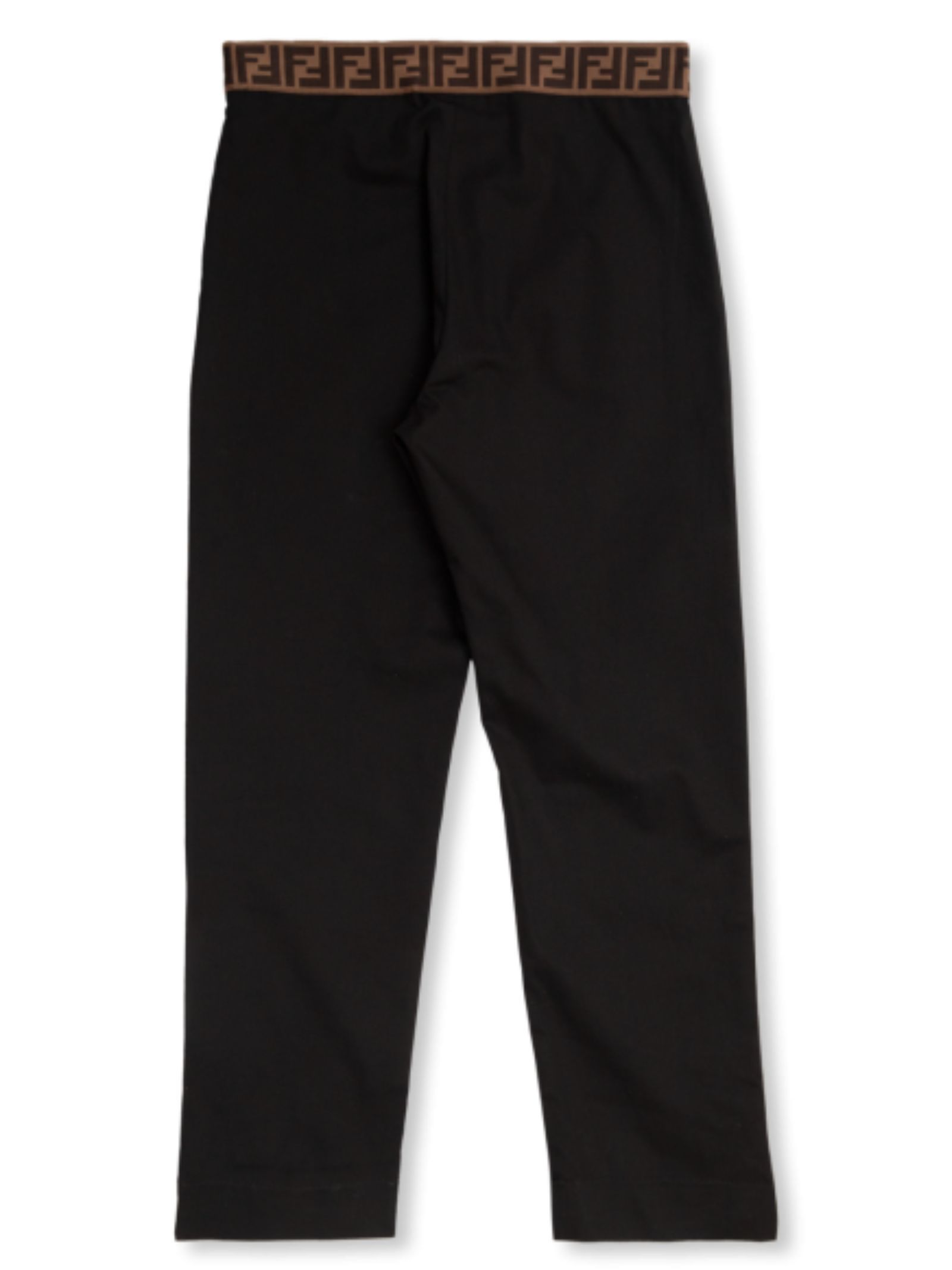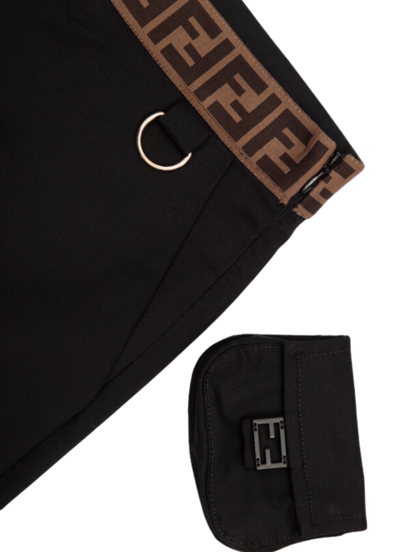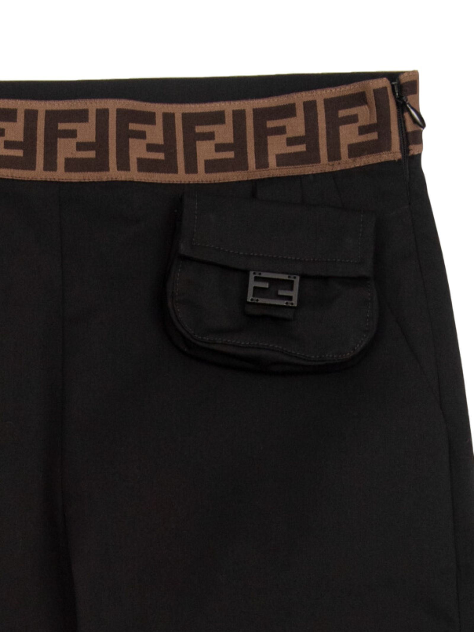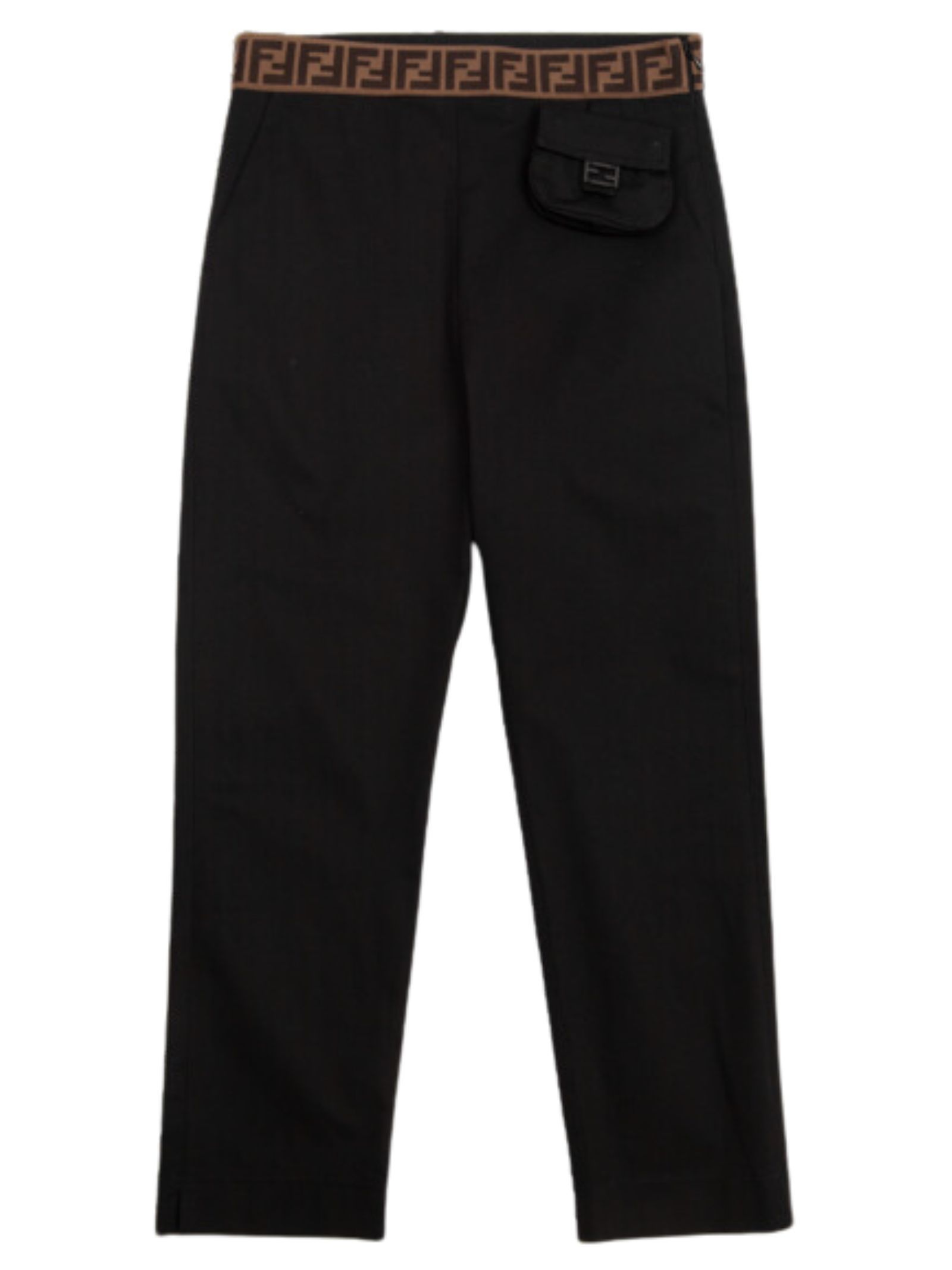 Fendi Kids black trousers, mini Baguette appliqué at the waist, decorated with iconic FF in contrasting brown at the waist, side zip fastening, side welt pockets. Composition: 97% cotton, 3% elastane. Made in Italy.
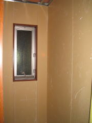 ウォークインクローゼットの入り口、赤い点線で囲った石膏ボードも今日貼られました。(写真左)結構、角は凸凹が激しいです。
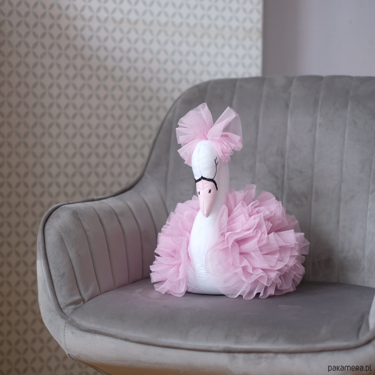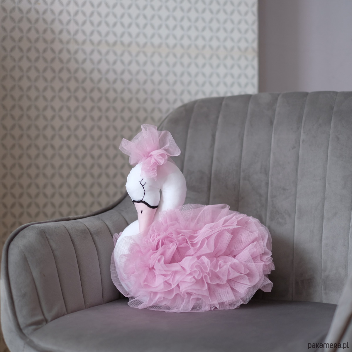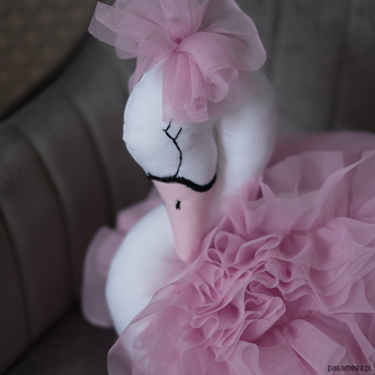Przytulanka lub dekoracja do pokoju dziecięcego. Łabędź wykonany w całości ręcznie z wyhaftowanymi oczami. W formacie 3D i dbałością o szczegóły. Tkanina użyta do produktu to wysokogatunkowa bawełna koloru białego i różowego oraz miękki tiul z wypełnieniem sylikonowym, antyalergicznym.
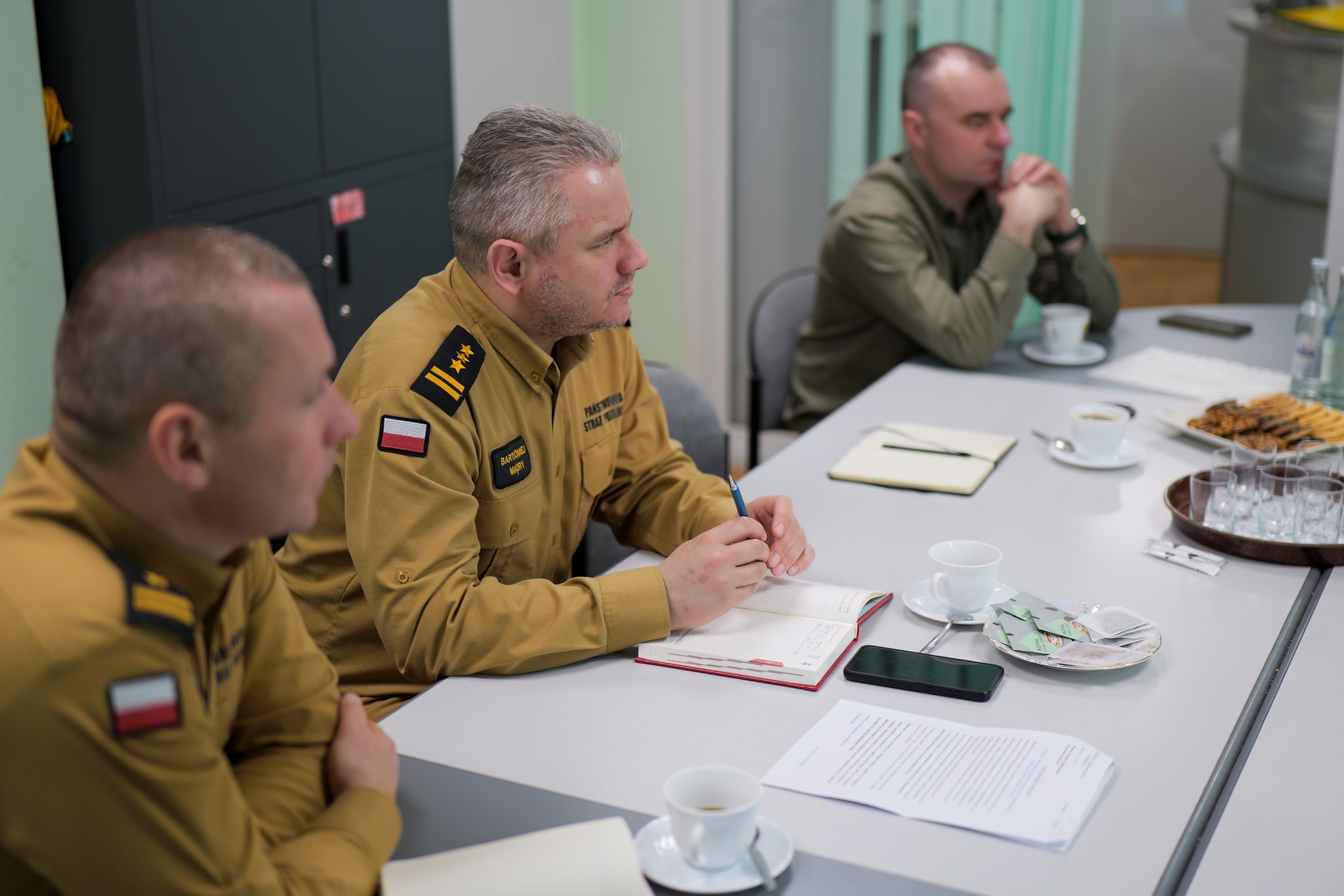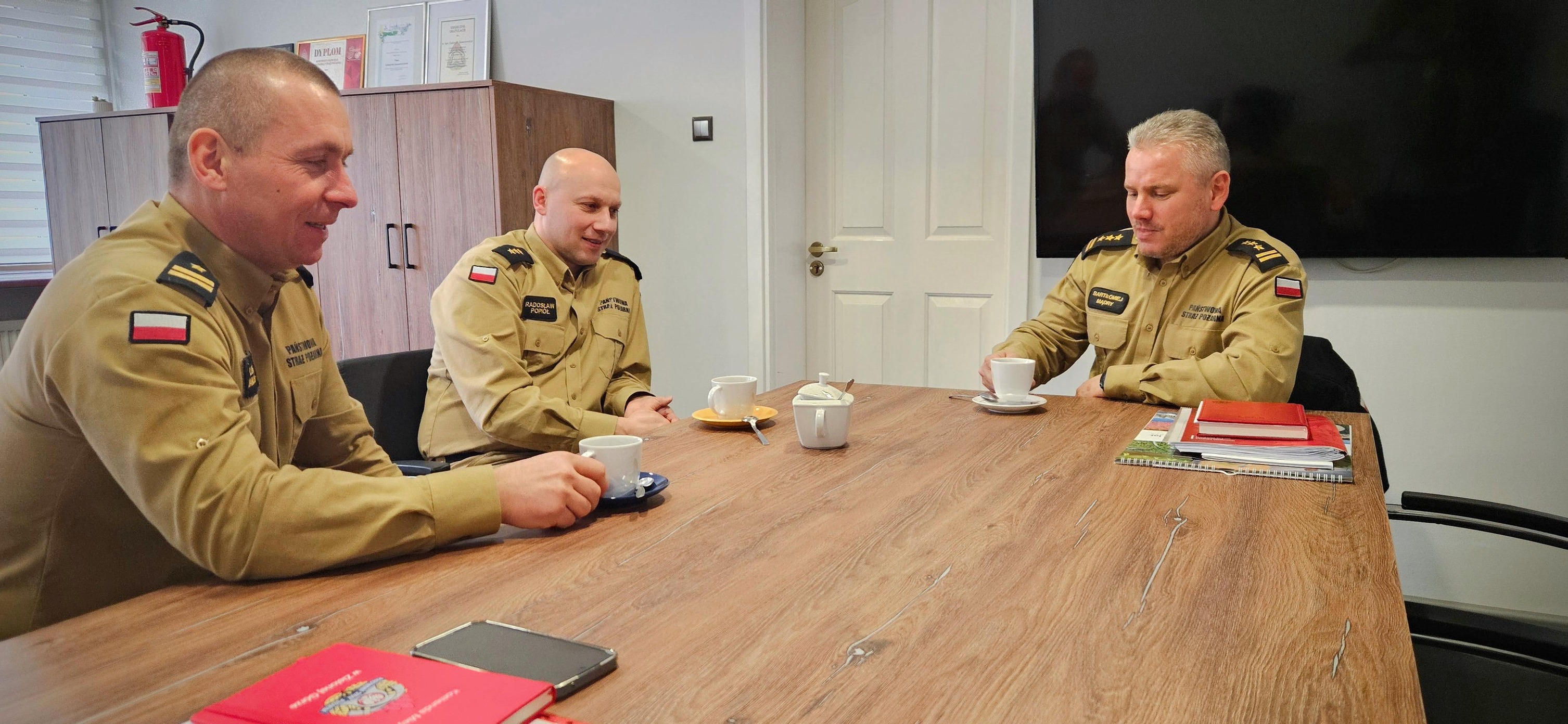 Wizyta Zastępcy Lubuskiego Komendanta Wojewódzkiego PSP st. bryg. Bartłomieja Mądrego była także okazją do omówienia bieżących zagadnień z kierownictwem Komendy Miejskiej PSP w Zielonej Górze. Podczas rozmów poruszono kwestie organizacyjne oraz współpracy w zakresie bezpieczeństwa przeciwpożarowego na terenie miasta i regionu.
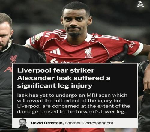 随后,伊萨克接受了治疗,并由两名利物浦医疗人员搀扶离场,弗林蓬替换他上场。伊萨克尚未接受核磁共振扫描以明确伤势的全部情况,但利物浦对这名前锋小腿的受损程度感到担忧。

TASK TO CARRY OUT: Down to the last line, print the material exactly, but not its pictures.

COMPLETED EXERCISE:
 Fendi Kids black trousers, mini Baguette appliqué at the waist, decorated with iconic FF in contrasting brown at the waist, side zip fastening, side welt pockets. Composition: 97% cotton, 3% elastane. Made in Italy.
 ウォークインクローゼットの入り口、赤い点線で囲った石膏ボードも今日貼られました。(写真左)結構、角は凸凹が激しいです。
Przytulanka lub dekoracja do pokoju dziecięcego. Łabędź wykonany w całości ręcznie z wyhaftowanymi oczami. W formacie 3D i dbałością o szczegóły. Tkanina użyta do produktu to wysokogatunkowa bawełna koloru białego i różowego oraz miękki tiul z wypełnieniem sylikonowym, antyalergicznym.
 Wizyta Zastępcy Lubuskiego Komendanta Wojewódzkiego PSP st. bryg. Bartłomieja Mądrego była także okazją do omówienia bieżących zagadnień z kierownictwem Komendy Miejskiej PSP w Zielonej Górze. Podczas rozmów poruszono kwestie organizacyjne oraz współpracy w zakresie bezpieczeństwa przeciwpożarowego na terenie miasta i regionu.
 随后,伊萨克接受了治疗,并由两名利物浦医疗人员搀扶离场,弗林蓬替换他上场。伊萨克尚未接受核磁共振扫描以明确伤势的全部情况,但利物浦对这名前锋小腿的受损程度感到担忧。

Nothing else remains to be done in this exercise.